____ DATA PROVIDED

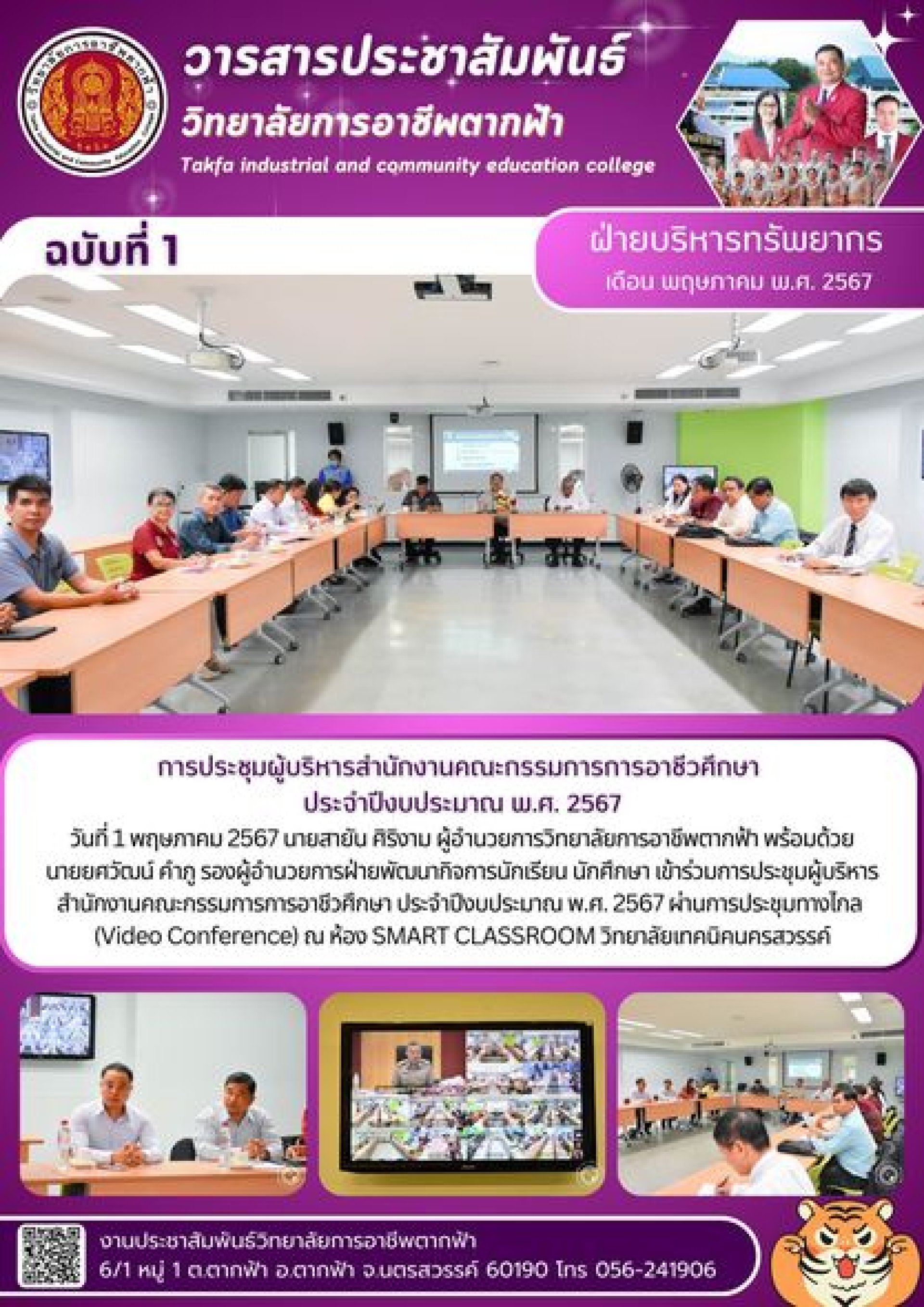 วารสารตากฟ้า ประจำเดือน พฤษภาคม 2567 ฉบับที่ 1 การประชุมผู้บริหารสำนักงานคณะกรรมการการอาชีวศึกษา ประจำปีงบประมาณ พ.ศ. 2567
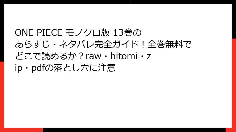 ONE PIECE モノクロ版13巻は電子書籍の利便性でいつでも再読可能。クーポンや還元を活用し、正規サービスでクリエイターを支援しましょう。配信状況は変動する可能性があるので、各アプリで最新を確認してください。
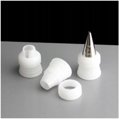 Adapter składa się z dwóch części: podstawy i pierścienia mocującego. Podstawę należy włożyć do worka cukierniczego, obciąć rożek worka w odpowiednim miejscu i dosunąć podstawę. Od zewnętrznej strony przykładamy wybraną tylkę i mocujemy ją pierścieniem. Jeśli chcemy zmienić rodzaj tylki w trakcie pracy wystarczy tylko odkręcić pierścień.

________

# [DESCRIPTION OF THE TASK]
Repeat the data above exactly, but not the pictures.

# [OUTPUT FOR THIS EXERCISE]
 วารสารตากฟ้า ประจำเดือน พฤษภาคม 2567 ฉบับที่ 1 การประชุมผู้บริหารสำนักงานคณะกรรมการการอาชีวศึกษา ประจำปีงบประมาณ พ.ศ. 2567
 ONE PIECE モノクロ版13巻は電子書籍の利便性でいつでも再読可能。クーポンや還元を活用し、正規サービスでクリエイターを支援しましょう。配信状況は変動する可能性があるので、各アプリで最新を確認してください。
 Adapter składa się z dwóch części: podstawy i pierścienia mocującego. Podstawę należy włożyć do worka cukierniczego, obciąć rożek worka w odpowiednim miejscu i dosunąć podstawę. Od zewnętrznej strony przykładamy wybraną tylkę i mocujemy ją pierścieniem. Jeśli chcemy zmienić rodzaj tylki w trakcie pracy wystarczy tylko odkręcić pierścień.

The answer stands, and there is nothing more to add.